The Night Sky This Month: July 2017

Comet V2 Johnson
Photo of Comet V2 Johnson by José J. Chambó

The first real dark skies for the northern hemisphere occur only after about the 11th of July, which offers a perfect opportunity to view the Summer Triangle, an asterism made up of the bright stars Vega, Altair and Deneb, in the constellations of Lyra, Aquila and Cygnus respectively. Interestingly, a search for exoplanets in the area between Deneb and Vega has turned up 4,043 possible planets, of which about 50 or so are Earth-sized, and orbit their stars within their habitable zones. The full list of possible and confirmed planets in this area is available here.

Moon

In July, the full Moon is known as the Full Buck Moon in America, because it is at this time of the year that deer bucks’ antlers enter a high growth phase. Below are the Moon phases for July 2017:

First Quarter: 1st
Full Moon: 9th
Last Quarter: 16th
New Moon: 23rd

Planets

– Mercury sets soon after sunset for most of July. However, the little planet reaches its greatest eastern elongation from the Sun on the 30th of the month, when it will be 27.2 degrees away from the Sun. Look for Mercury low above the western horizon just after sunset during the last days of July.

– Venus dominates the pre-dawn sky during July, shining at magnitude -4.0 for almost the entire month. Rising at about 02:20 (BST) in the northeast, the planet reaches an elevation of 19 degrees above the eastern horizon on the 1st, but steadily gains height as the month wears on to reach an altitude of 25 degrees or so by month’s end. Look for Venus about 8 degrees south-eastward of the Pleiades during the first days of the July. As the month progresses, Venus will move between the Pleiades and the star Aldebaran to pass about 3 degrees to the upper leftward of Aldebaran on the 14th. Although Venus’ angular diameter will reduce from 18 arcseconds to 15 arcseconds, its illumination will increase from 63% to 74%, which means its brightness will remain largely unchanged during July.

– Mars is not visible at this time, being washed out by the Sun’s glare, and it will only reappear as a morning object at the end of August/beginning of September.

– Jupiter remains a conspicuous magnitude -2.0 object low above the south-western horizon before sunset as it continues its eastward motion through the constellation Virgo. Look for the King of the Planets close to the Moon on the first day of July, and again on the 28th, by which time it will be even lower above the west-south-western horizon when it sets at about 23:01 (BST) on the last days of July.

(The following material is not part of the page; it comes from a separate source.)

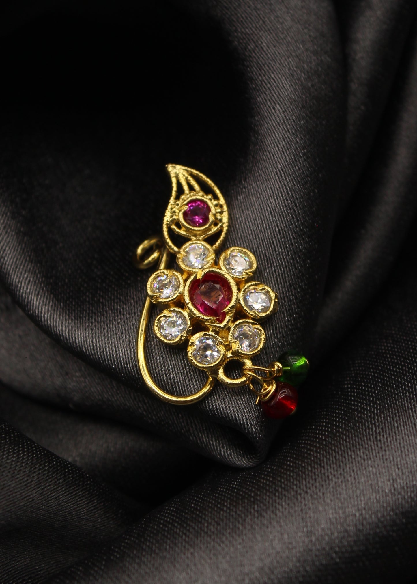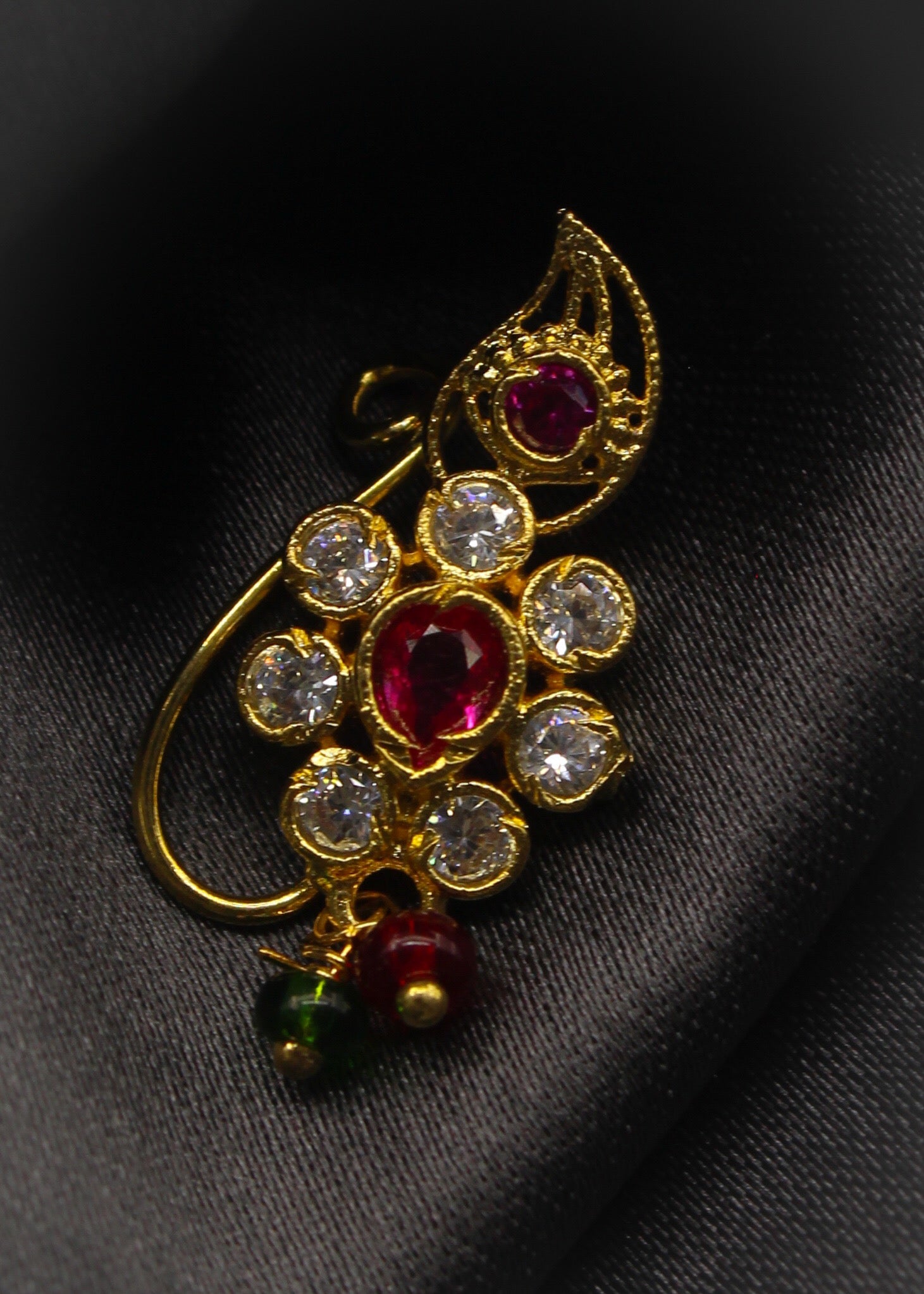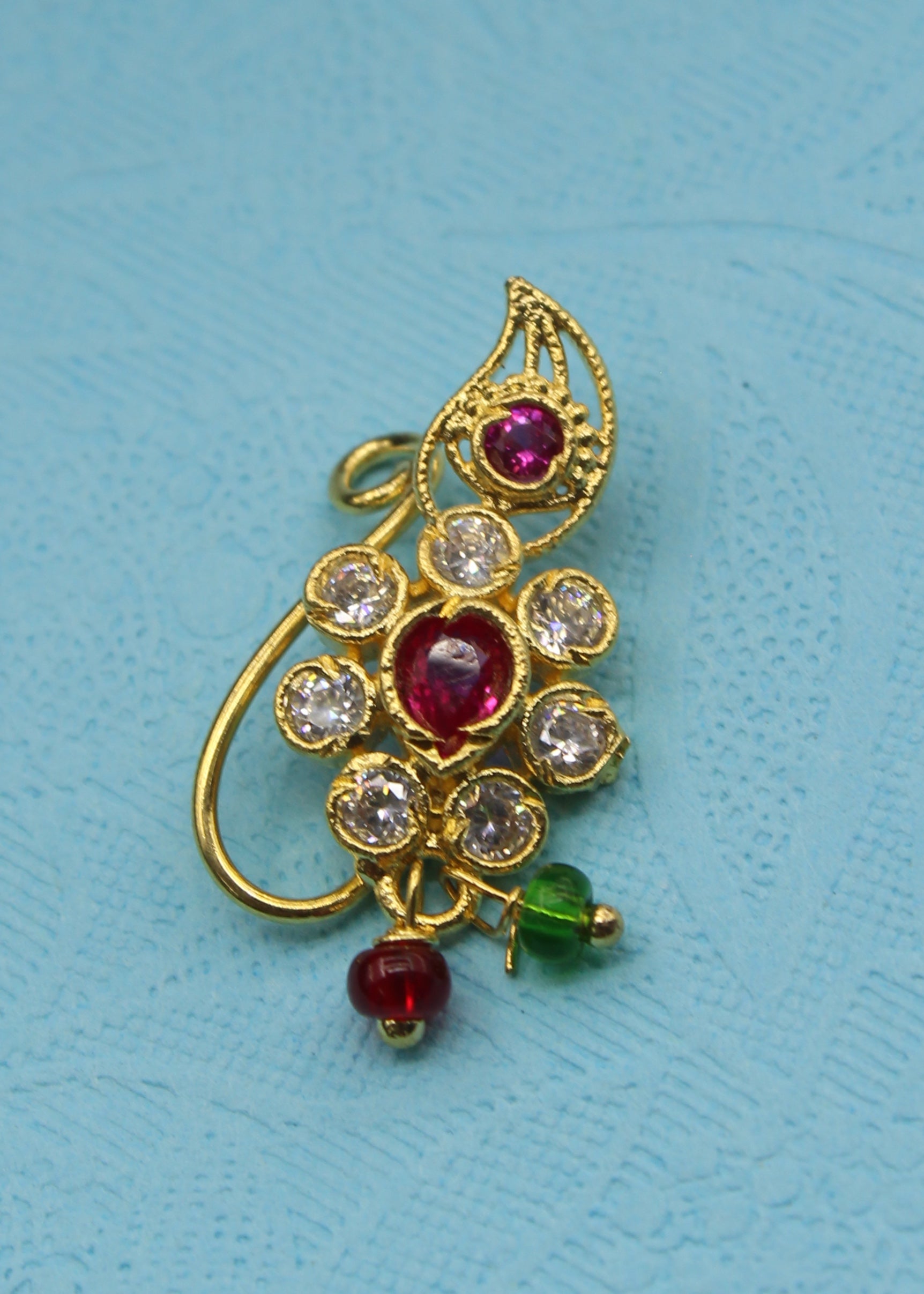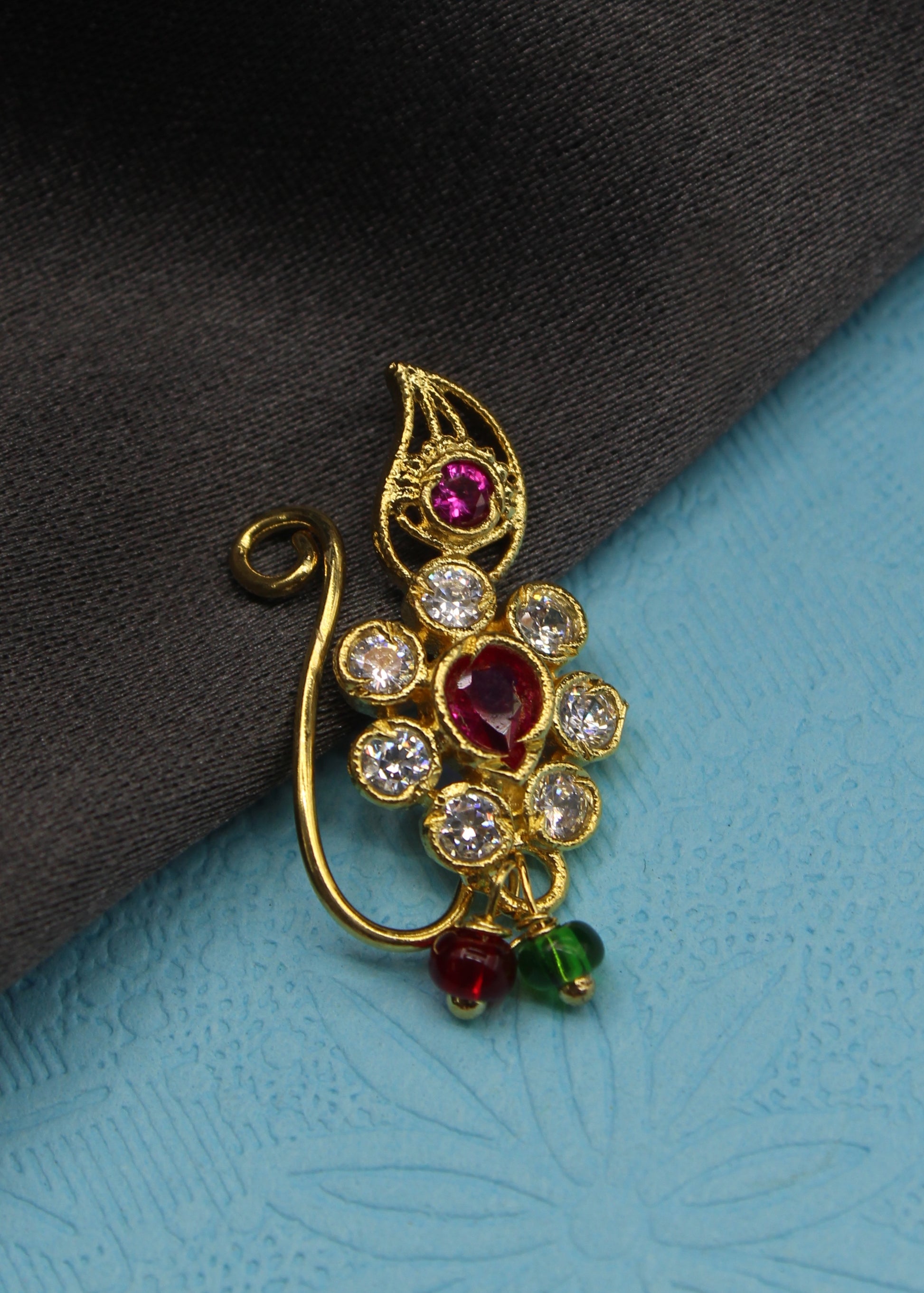 This Leaf with floral designer nath from Sonchafa Jewellery is best pick for women like you. It is styled with studded pink, white colour stone along with pink, green beads and made from metal. This nath is easy to wear and requires piercing.

– Saturn starts July rising at 19:48 (BST) but rises progressively earlier as the month wears on, to rise at 17:43 (BST) on the 31st. The planet reached its point of closest approach to Earth on June 15th, which means that relatively speaking, it is still fairly close to us as it transits the constellation Sagittarius in which it now occupies an apparent spot just above the centre of the Milky Way. However, although it remains low on the horizon, it is nevertheless the brightest object low above the southern horizon, even though the planet will dim slightly from magnitude 0.1 to 0.3 as the July progresses.

Meteor Showers

July sees the arrival of the Southern Delta Aquarid Meteor Shower, which is suspected to be debris from Comet 96P Machholz. Although this meteor shower favors observers in the southern hemisphere, observers in northern tropical latitudes can observe the poorly-defined peak best between July 27th, and July 30th. Radiating from the star Skat in the constellation Aquarius, this shower usually delivers a maximum of around 15 -25 or so meteors per hour in the small hours just before dawn.

Deep Sky Objects

July brings the parabolic Comet V2 Johnson to within sixth or seventh magnitude, meaning that from a dark site, it will be visible in binoculars and even to the naked eye if seeing conditions are exceptionally good. Look for the comet in the constellation Virgo, where it will be at magnitude 7.5 only about 0.5 degrees to the northward of the star Kappa Virginis during the first days of July. The first really good opportunity to view the comet will occur on July 11th, when it will be close to the Hydra/Libra border, but still in Virgo, from whence it moves into Hydra on the 17th of the month. By the end of the month, the comet will be located less than one degree from the face-on spiral galaxy NGC 5556. By the end of July, Comet Johnson will become visible only to southern hemisphere observers as it continues its southward motion.